If the function succeeds, the return value is TRUE. If the function fails, the return value is FALSE. To get extended error information, call GetLastError().

NOTE: This function will start a process elevated no matter which attribute (asInvoker, highestAvailable, or requireAdministrator) is specified in its manifest, and even if there is no such attribute at all.

BOOL
RunNonElevated(
__in HWND hwnd,
__in LPCTSTR pszPath,
__in_opt LPCTSTR pszParameters = NULL,
__in_opt LPCTSTR pszDirectory = NULL );

Use RunNonElevated() to start a non-elevated process.

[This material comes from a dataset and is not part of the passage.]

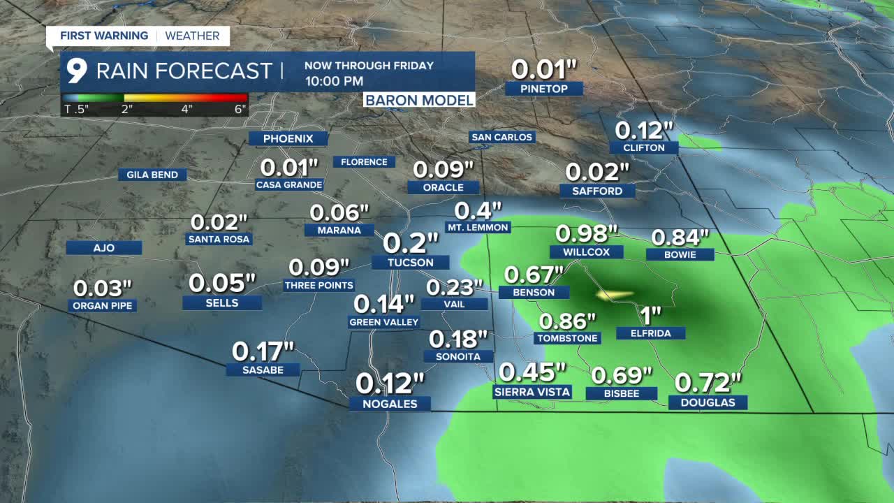 Thursday will bring 0.10” to 0.25” of rain to areas from Tucson to the west along with up to an inch of rain across portions of Cochise County.

If the current process is not elevated, it calls ShellExecuteEx() to start the new process. If the current process is elevated, it injects itself into the (non-elevated) shell process, and starts a non-elevated process from there.

Parameters:

hwnd – [in] Window handle to any message boxes that the system might produce while executing this function.

pszPath – [in] Address of a null-terminated string that specifies the executable file that should be used to start the process.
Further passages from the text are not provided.